Читаем Борисов-Мусатов полностью

И не было опять Парижа, мечтаний об Испании, об Италии и Венеции — был Саратов: высокий серый деревянный забор, на котором колыхались поверху синие тени ветвей, а понизу, в стороны от солнечных пятен на траве, расползалась по углам, под деревья утренняя прохлада. Виктор работал: параллельно идущие, отдельные мазочки, ложась на холст, передавали красноватую рыжизну солнечного луча, вошедшего в густую синеватую зелень, иногда мазок извивался, укорачиваясь волнообразной запятой. Виктор — весь внимание — следил, как распределялись яркие блики света и голубоватые рефлексы на худеньких плечах и сутулой спине натурщика. Он слышал за собой сдерживаемое дыхание подошедших, но не отрывался от работы. Отойдя от своих этюдников, молодые товарищи, с какими его свел как-то Коновалов, смотрели, чувствовалось, во все глаза. Натурщика — смуглого мальчика-татарчонка — привел один из них, Павел Кузнецов, нашедший его где-то в своей округе, близ Глебучева оврага. Вместе с Павлом на сей раз был только Петр Уткин, иногда же засиживался в мусатовском саду во время этюдов и третий их приятель, начинающий скульптор Александр Матвеев. По старой привычке приходил и сам Василий Васильевич и тоже садился за этюд, который получался совсем не по-коноваловски солнечным и теплым. Но, кроме живого интереса к тому, как писал Виктор, как возникали у него «синие тени», как выглядел невиданный в Саратове французский «дивизионизм», они ждали рассказов и рассказов. Мусатов для них привозил с собой Европу! К появлявшимся из-за границы своим, саратовским, например к Альбицкому, а уж тем более к маститому коноваловскому приятелю Сергею Васильевичу Иванову, не решишься запросто подступить — разница в годах… А здесь всего на восемь лет она, и Мусатов такой доступный и разговорчивый. Примкнувший в ту же пору к друзьям-саратовцам молодой художник Кузьма Петров, он же Водкин, позже вспомнит: «Появился из Парижа Мусатов… Просто и крепко рассказывал он о работе в Париже, где делают живопись, где „фантазии“ в кавычках — грош цена, как каменщику при кладке дома некогда грезить, так и живописцу там не до этого… Волжское не искоренилось в Викторе Эльпидифоровиче — он любил и саратовские частушки, и крепкое подчас слово…»

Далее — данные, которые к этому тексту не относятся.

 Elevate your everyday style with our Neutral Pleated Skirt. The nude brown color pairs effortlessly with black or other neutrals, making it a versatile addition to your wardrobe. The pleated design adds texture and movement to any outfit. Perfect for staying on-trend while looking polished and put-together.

Он работал с азартом дорвавшегося до свободы, до воли — после парижских штудий, обдумываний и оглядки. Начавшееся лето 1897-го было для него урожайным: многое из проросших парижских «посевов» пришла пора снимать вызревавшими. Были еще и допарижские задумки вроде смелой задачи, заданной себе в старой альбомной записи: «сделать опыт над женской головой в портрете, не стесняясь яркостью красок. Все лицо будет голубое, — яркое, лиловое, зеленое…». Теперь эта давняя программа осуществлялась в его этюдах и особенно в одном, на котором написал погрудно, на фоне травы и затерявшихся в них красных цветов Агриппину — в белой блузе, с лицом, опущенным над вышиванием. Он писал этот этюд два дня. Крупным планом передал голову и лицо сестры. Год назад Груня вышла замуж и как-то еще более раздалась, погрузнела. Солнце заливало белую одежду голубоватым, с прочерками лилово-красного и желтого. Пряди волос на свету голубели. В тени — в густо-синие мазки Виктор ввел по зачесу волос темно-малиновые нити… А лицо… каким оно было у нее на этом этюде, удивило и даже рассердило Груню:

— Да что ж лицо-то такое синее, Витя? И щеки и нос красный? Разве такое у меня лицо?

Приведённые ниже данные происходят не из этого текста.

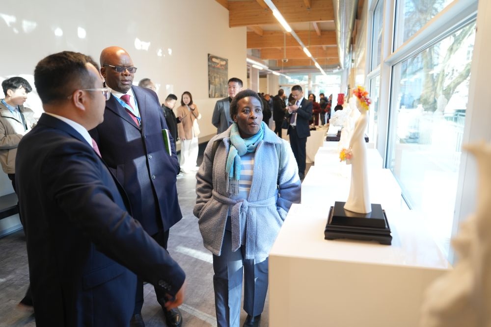 2月24日,在瑞士日内瓦万国宫,嘉宾在2026“中国白·德化瓷”国际巡展上参观展品(新华社发 赵传奇 摄)

Виктор, покатываясь со смеху, убеждал ее, что все правильно написано, но вскоре увидел, что Агриппина не на шутку разобиделась, подозревая, что он попросту высмеивает ее внешность. Экое в самом деле искусство — так размалевать лицо человеку, ладно — блуза вроде радуги переливается и в газоне написаны среди зеленых какие-то голубые травинки… Но на следующий день, в такой же жаркий час, когда заструилось обычное саратовское марево, сдвинулись и поплыли по горячей воздушной зыби крыши сараев, вспыхнули серебряными бликами кроны тополей — Виктор, прежде чем опять попросить Груню присесть за работой в кресло-качалку, вынесенное в сад, подошел и взял ее за руку: «Пойдем, пойдем». Он поставил Агриппину на свое обычное место к небольшому складному мольберту, попросил повернуться к качалке, к цветочному газону и указал пальцем в пространство: «Ну вот, не шевелись… И смотри, все время смотри в эту точку! Смотри долго-долго…» Агриппина глядела, ничего не понимая. «Да смотри, смотри, — настойчиво шептал он, — не отрывайся и смотри! Видишь?..» — «Ой, и в самом деле», — ойкнула про себя Агриппина, взявшись пухлой рукой за щеку. Она увидела, что воздух, обволакивающий зеленые деревья, кусты и сараи, весь словно заполнен мельтешащими разноцветными точками. Воздух был цветной! Она перевела взор на брата и, увидев напряженное его лицо, с облегчением поняла, что он не шутит. Так вот и Груня — или Грина, как она теперь предпочитала называться, оказалась приобщенной к «секретам» импрессионизма…

Перейти на страницу:

Все книги серии Жизнь замечательных людей

Газзаев
Газзаев

Имя Валерия Газзаева хорошо известно миллионам любителей футбола. Завершив карьеру футболиста, талантливый нападающий середины семидесятых — восьмидесятых годов связал свою дальнейшую жизнь с одной из самых трудных спортивных профессий, стал футбольным тренером. Беззаветно преданный своему делу, он смог добиться выдающихся успехов и получил широкое признание не только в нашей стране, но и за рубежом.Жизненный путь, который прошел герой книги Анатолия Житнухина, отмечен не только спортивными победами, но и горечью тяжелых поражений, драматическими поворотами в судьбе. Он предстает перед читателем как яркая и неординарная личность, как человек, верный и надежный в жизни, способный до конца отстаивать свои цели и принципы.Книга рассчитана на широкий круг читателей.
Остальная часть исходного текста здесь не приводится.